A California fight between dialysis clinics and a major hospital workers' union has healthcare industry investors and stakeholders jittery as the union gets ready to push a ballot initiative to cap private insurance reimbursements for dialysis.
The Service Employees International Union–United Healthcare Workers West, one of the country's largest hospital workers' unions, has gathered more than 600,000 voter signatures for a statewide ballot measure to cut off dialysis clinics' commercial insurance reimbursement at 115% of care costs, which would slash their current rates.
The union claims the proposal would pressure clinics to improve care for dialysis patients by reinvesting extra revenue into staffing and other efforts to raise standards in order to bump up the cost of care.
But critics of the initiative say the measure could spur reverberating losses for corporate dialysis giants, hospitals and even state and federal coffers.
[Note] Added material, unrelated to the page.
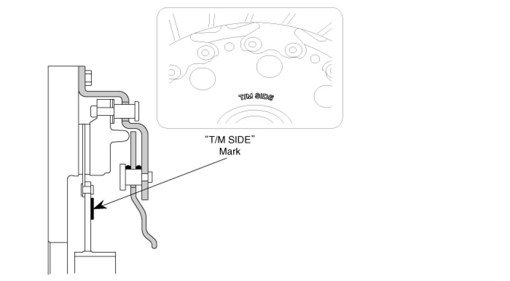 - The 'T/M SIDE' marked surface should face the transaxle.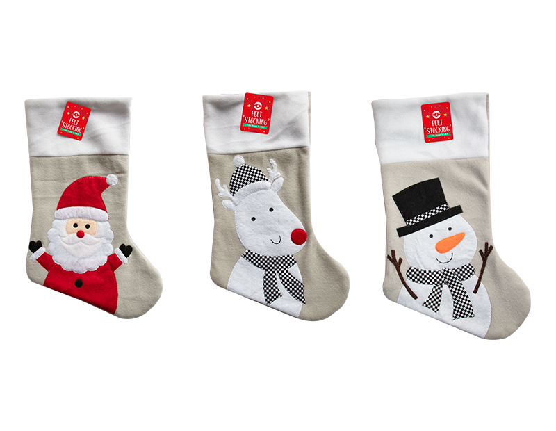Whether hung by the fireplace, staircase, or at the foot of your bed, this stocking creates an atmosphere of warmth and anticipation during the Christmas season. Let it become a cherished part of your holiday traditions, and fill it with love and surprises for your loved ones. Make this Christmas unforgettable with our Grey Embroidered Felt Stocking.

Most of dialysis market in California belongs to Colorado-based DaVita Healthcare Partners and the German company Fresenius Medical Care, who have about 70% of the state market share. The 30% remaining market share belongs to independent or not-for-profit clinics. California has just under 600 dialysis clinics.
California has an extra high rate of growth in dialysis patients — about 5% every year — and there are already more than 68,000 dialysis patients in the state.
But SEIU members say dialysis clinic regulations are far too lax, and facilities have been plagued by issues like rat and cockroach infestations or staffing shortages that leave technicians with only minutes to clean up stations before another patient receives treatment.
"With regards to staffing it's a free-for-all," said union member and longtime dialysis technician Emanuel Gonzales, who is helping to lead the union campaign and has worked in several dialysis centers across San Bernardino County and the Inland Empire in California. "They pretty much operate anyway they like. If something happens, they could blame workers."
Gonzales said that as a technician he often had nine patients under his care at one time. The nature of dialysis, where a patient's blood gets removed, cleaned, and filtered back into his or her body, can intensify a patient's discomfort and need for immediate attention.
The union tried last year to pass a bill that would increase the staffing ratios required in dialysis clinics, but their effort stalled in the state Assembly after passing the Senate. The measure brought out the lobbying arms of DaVita and Fresenius as well as strong opposition by provider groups like the California Hospital Association and the California Association of Rural Health Clinics.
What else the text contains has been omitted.